Dia menjelaskan upaya pemadaman water bombing akan dilakukan sampai akhir Oktober. Begitupun dengan upaya hujan buatan dengan pesawat Cassa 212 yang lebih kecil untuk menyesuaikan kebutuhan lapangan.

Namun, untuk hujan buatan tergantung dari kondisi awan. Ada juga operasi udara di Riau dan Jambi menggunakan pesawat fixed wing dan air craft.

"Operasi ini kami jadwalkan sampai dengan akhir Oktober. Dan harapannya sebelum akhir Oktober kekeringan bisa berkurang dan api atau asap bisa terkendali," tuturnya.

Selain itu, untuk operasi pemadaman di darat juga terus ditingkatkan. Salah satunya dengan membuat kanal blocking agar bisa mendukung keberadaan sungai kecil. Pembuatan kanal blocking diperlukan mengingat area lahan yang terbakar merupakan wilayah gambut.

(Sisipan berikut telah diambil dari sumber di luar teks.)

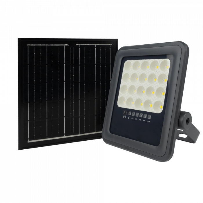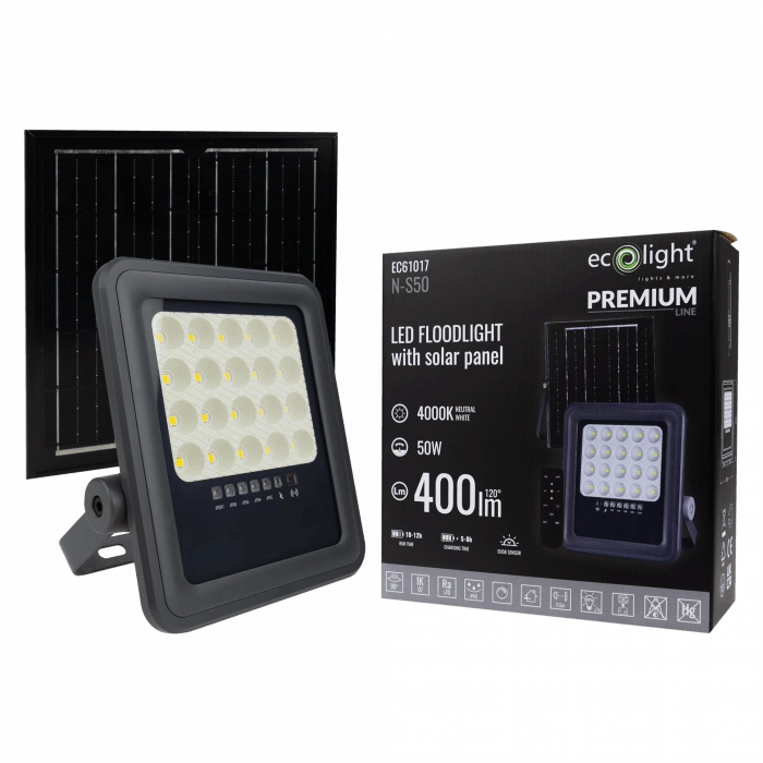 Entdecken Sie eine energieeffiziente Beleuchtungslösung mit dem 50W Ecolight LED-Flutlicht, das durch ein Solarpanel betrieben wird. Mit einer Helligkeit von 900 lm ist die Beleuchtung intensiv und effektiv, was ihn zu einer idealen Wahl für Bereiche wie Gärten, Terrassen oder Wege macht. Der Fluter strahlt mit einer Farbtemperatur von 4000K ein neutralweißes Licht aus, das sich harmonisch in die natürliche Umgebung einfügt. Mit einem integrierten Dämmerungssensor und einer Fernbedienung bietet das Gerät Funktionalität und Komfort für den täglichen Gebrauch.

Kemudian, operasi darat ini juga perlu partisipasi bantuan dari masyarakat. Pasalnya, operasi darat merupakan jalur tersulit untuk pemadaman.

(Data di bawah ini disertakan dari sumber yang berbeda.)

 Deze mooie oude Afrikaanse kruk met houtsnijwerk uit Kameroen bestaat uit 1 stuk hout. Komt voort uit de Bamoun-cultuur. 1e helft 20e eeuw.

"Operasi darat tak terbatas, tidak hanya aktivitas masyarakat maka dengan kanal blocking, diharapkan bisa menutup sungai kecil, air tak kebuang, sehinga lahan gambut bisa lebih basah. Pemadaman hutan itu sangat perlu orang banyak. Makanya peran masyarakat diperlukan," sebutnya.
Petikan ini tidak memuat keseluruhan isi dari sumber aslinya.